BEGIN COLLECTED DATA

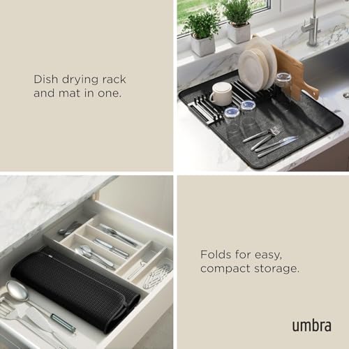 Generic - بساط تجفيف الأطباق مع رف تصريف، بساط مطبخ من المايكروفايبر، أسود
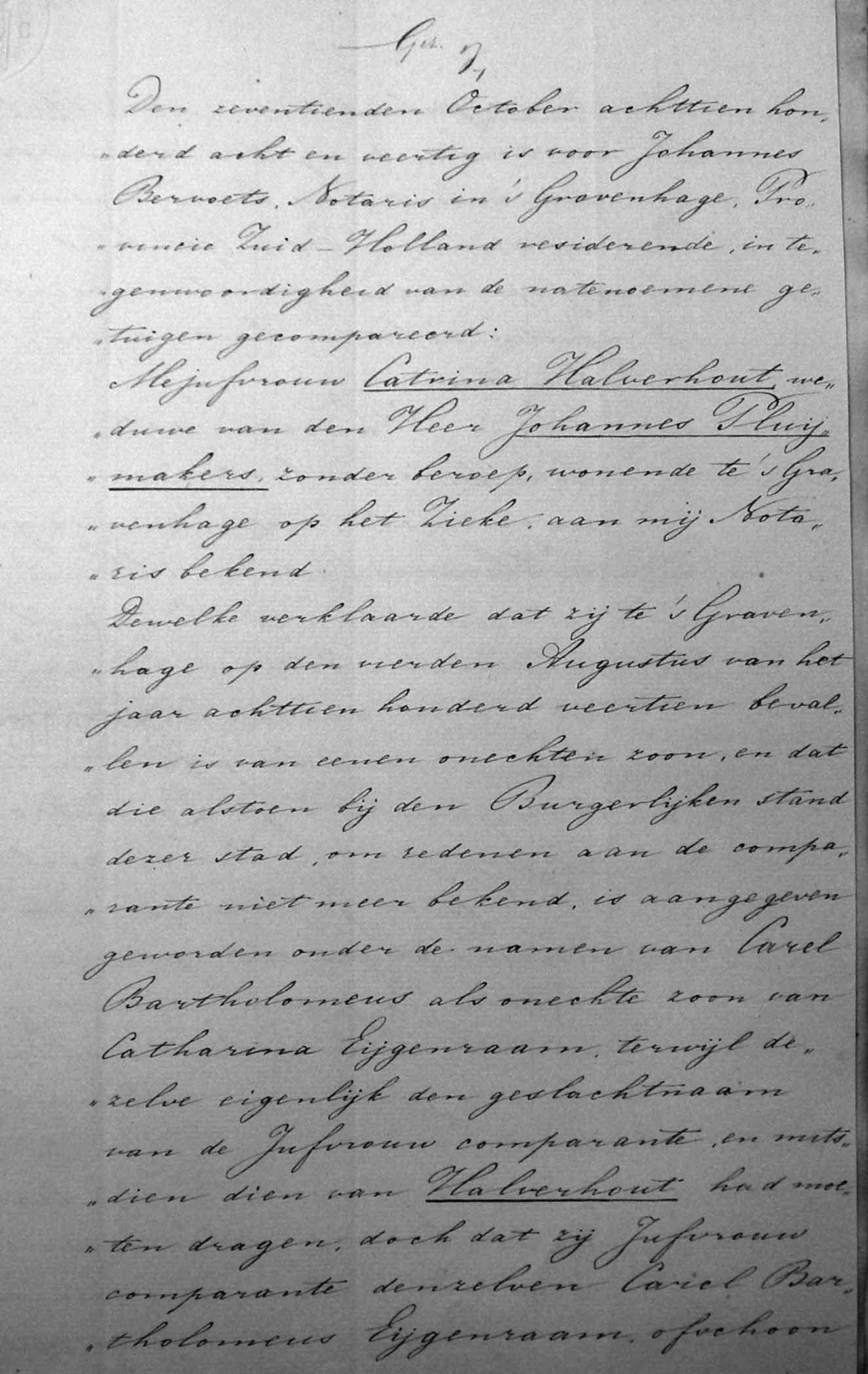 Mejufvrouw Catrina Halverhout, weduwe van den Heer Johannes Pluij-makers, zonder beroep, wonende te 's Gravenhage op het Zieke, aan mij Notaris bekend. Dewelke verklaarde dat zij te 's Gravenhage op den vierden Augustus van het jaar achttien honderd veertien bevallen is van eenen onechten zoon, en dat die alstoen bij den Burgelijken stand dezer stad, om redenen aan de comparante niet meer bekend, is aangegeven geworden onder de namen van Carel Bartholomeus als onechte zoon van Catharina Eijgenraam, terwijl dezelve eigenlijk den geslachtsnaam van de Jufvrouw comparante, en mitsdien dien van Halverhout had moeten dragen, doch dat zij Jufvrouw comparante denzelven Carel Bartholomeus Eijgenraam, ofschoon
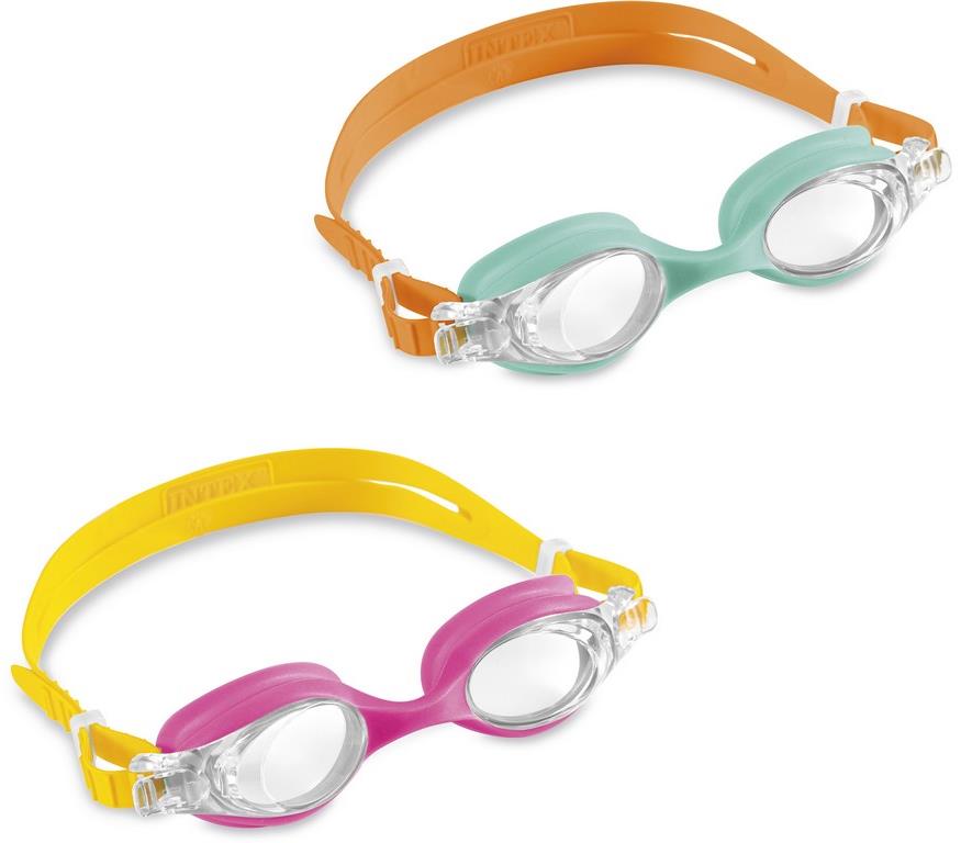 Plavecké okuliare – detské, rekreačné, pre deti veku 5 – 8 rokov, číre zorníky, pevný nosník, s gumovým tesnením, oranžová a žltá farba Plavecké okuliare INTEX sú určené deťom vo veku 5 – 8 rokov. Chránia oči a umožňujú potrebnú orientáciu pod vodou pri voľnočasových aktivitách. Disponujú čírymi zorníkmi, ktoré umožňujú jasné videnie

END COLLECTED DATA

TASK STATEMENT —
Copy out every line above without change, dropping the pictures.

RESPONSE —
 Generic - بساط تجفيف الأطباق مع رف تصريف، بساط مطبخ من المايكروفايبر، أسود
 Mejufvrouw Catrina Halverhout, weduwe van den Heer Johannes Pluij-makers, zonder beroep, wonende te 's Gravenhage op het Zieke, aan mij Notaris bekend. Dewelke verklaarde dat zij te 's Gravenhage op den vierden Augustus van het jaar achttien honderd veertien bevallen is van eenen onechten zoon, en dat die alstoen bij den Burgelijken stand dezer stad, om redenen aan de comparante niet meer bekend, is aangegeven geworden onder de namen van Carel Bartholomeus als onechte zoon van Catharina Eijgenraam, terwijl dezelve eigenlijk den geslachtsnaam van de Jufvrouw comparante, en mitsdien dien van Halverhout had moeten dragen, doch dat zij Jufvrouw comparante denzelven Carel Bartholomeus Eijgenraam, ofschoon
 Plavecké okuliare – detské, rekreačné, pre deti veku 5 – 8 rokov, číre zorníky, pevný nosník, s gumovým tesnením, oranžová a žltá farba Plavecké okuliare INTEX sú určené deťom vo veku 5 – 8 rokov. Chránia oči a umožňujú potrebnú orientáciu pod vodou pri voľnočasových aktivitách. Disponujú čírymi zorníkmi, ktoré umožňujú jasné videnie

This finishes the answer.